Q & A
Q. Were you an art major?
A. I was not an art major. I graduated from Middlebury College in Vermont in 1986 with a major in American Literature.
Q. What did you do before pursuing an art career?
A. Following school, I worked in the public relations industry--in Boston and New York City. I spent the majority of my PR career as a writer (of press kits, brochures and speeches) and as a Creative Director. As Creative Director (at Clark & Company PR in Boston), I helped both our clients and staff think more creatively about how to reach our target audiences.
Q. When did you start making art?
A. In 1994, I took my first continuing education art class at Montserrat College in Beverly, MA. I then began taking classes at the DeCordova Museum School in Lincoln, MA and at The Museum School in Boston.

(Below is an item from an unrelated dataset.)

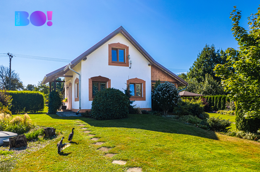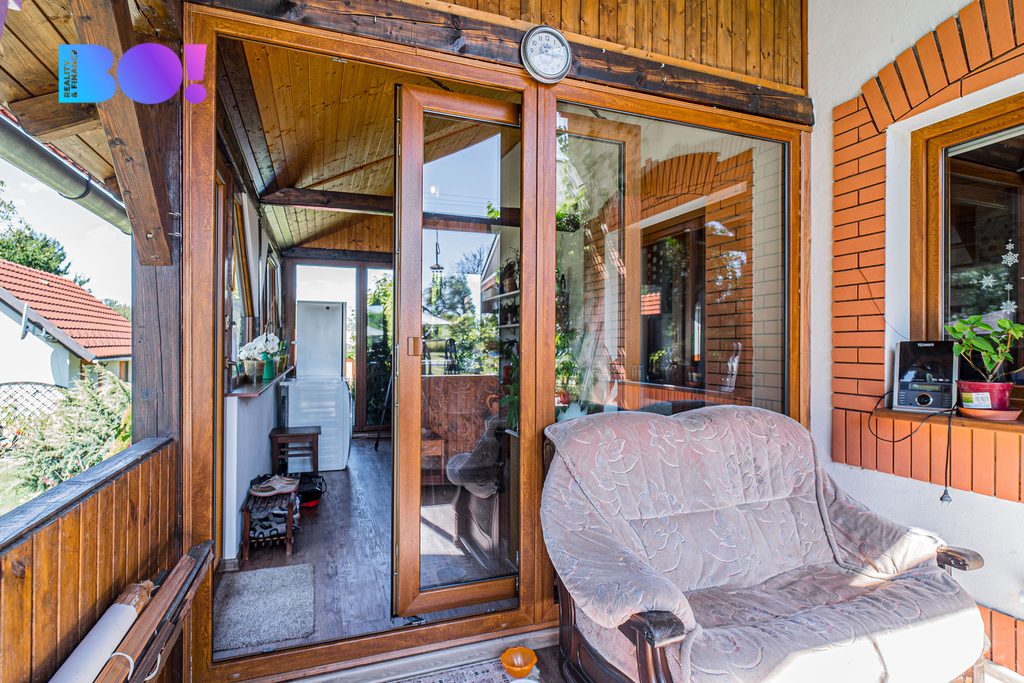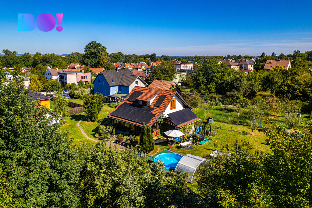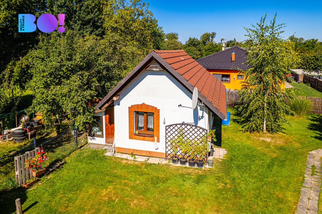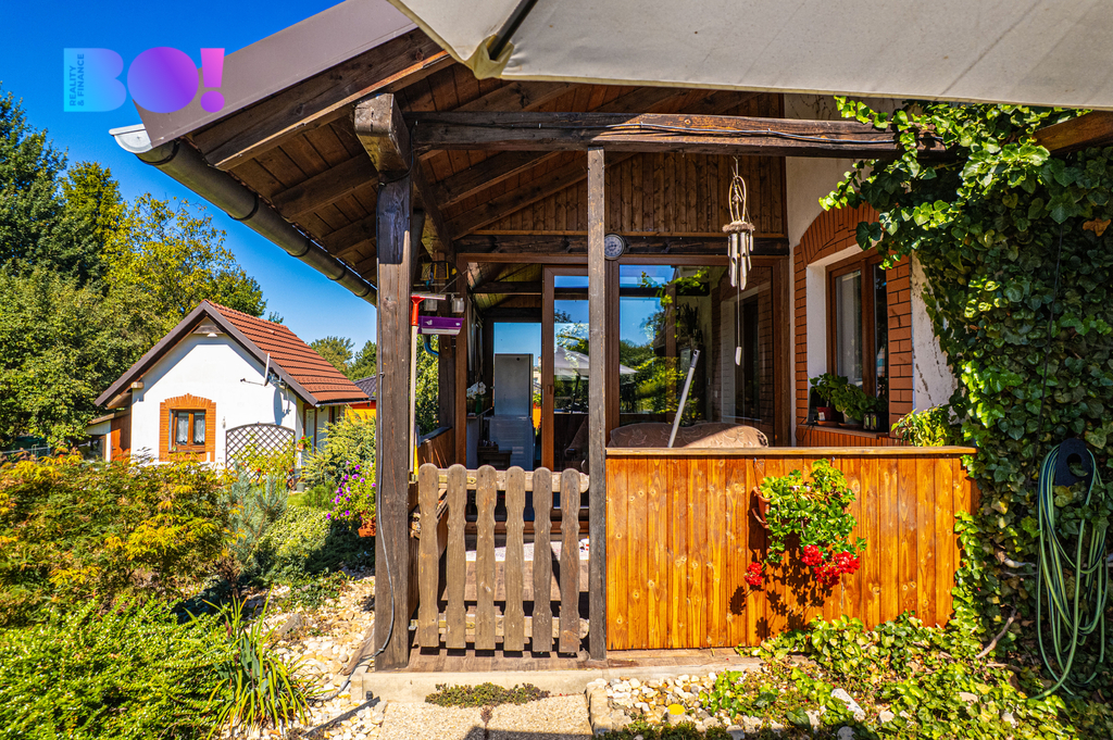 Opečovávaná zahrada s ovocnými keři a stromy má okrasnou, užitkovou a odpočinkovou část s krytým bazénem a s altánek dovolující posezení ve stínu. Zděný domek v rohu zahrady může po dokončení sloužit k celoročnímu bydlení anebo ihned pro podnikání v drobných službách.

Q. What interested you in collage?
A. I was drawn to the tactile quality of using unusual papers and other objects to make art . For years I'd been an avid antique and flea market forager--searching for anything from vintage papers to old game pieces to other funky ephemera. I've also always been drawn to the tactile qualities and originality of good fashion and interior design. Collage was the medium where I could make art by combining my interests in all of these visual areas.
Q. What materials do you most like to work with?
A. I love to work with found and vintage papers. I like the way these materials have their own history and unique patina. I am interested in materials can be manipulated and toyed with. I think that any piece becomes more interesting and authentic when there is a level complexity and layering of unusual materials.
Q. Where do you get most of your materials?
A. I visit the Brimfield Antiques Fair in Brimfield, MA at least once a year. It has miles of amazing vendors with fabulous finds. I also find really interesting materials on Ebay and other interesting websites.
Q. What drew you to using paper dolls, pin-up girls and other feminine figures in your art?
A. I found myself drawn to vintage doll forms as I was antiquing. I started collecting paper doll kits, and old doll molds. The idea of using dolls in art was piqued when I saw an exhibit in NYC years and years ago. They were these enormous, intriguing totems utilizing many interesting things, including doll parts. I dreamt about those totems for weeks. I began to build sculptures using doll heads and parts and then started to explore 2-dimensional use of the paper cut-outs. I suppose it was no coincidence that I began working with these doll forms as I was raising young kids.
Q. Why use these forms to speak to body image issues? Is this a personal issue for you?
A. When I first began to work with doll forms, I would tuck personal items or symbolic imagery into each piece. One of the items I included were old weight watchers food logs. There seemed to be a natural relationship between the doll silhouettes with their perfect hourglass figures--and these food logs. These doll forms became the representative 'ideal'. They also became my venue to open a dialogue about the pressure many women feel to live up to this beauty and body ideal. I have been a chronic dieter since I was a teenager, always striving for a body that was thinner and more fit. The art became a great outlet to 'deconstruct' the ideal body myth. I was able to remove the rosy cheeks and sexy skivvies of these iconic dolls, and fill them with exercise charts or fruit and vegetable labels to comment on the real work/obsession behind the good body.
Q. How do you use beeswax in your work?
A. I melt granulated beeswax at a high temperature on a hot pallete. I will then take papers that have been glued and layered, and lay them right onto the hot pallete. The heat and the beeswax seep through the layers revealing imagery and texture. The beeswax also serves as as a nice 'protective' layer for the old papers I use.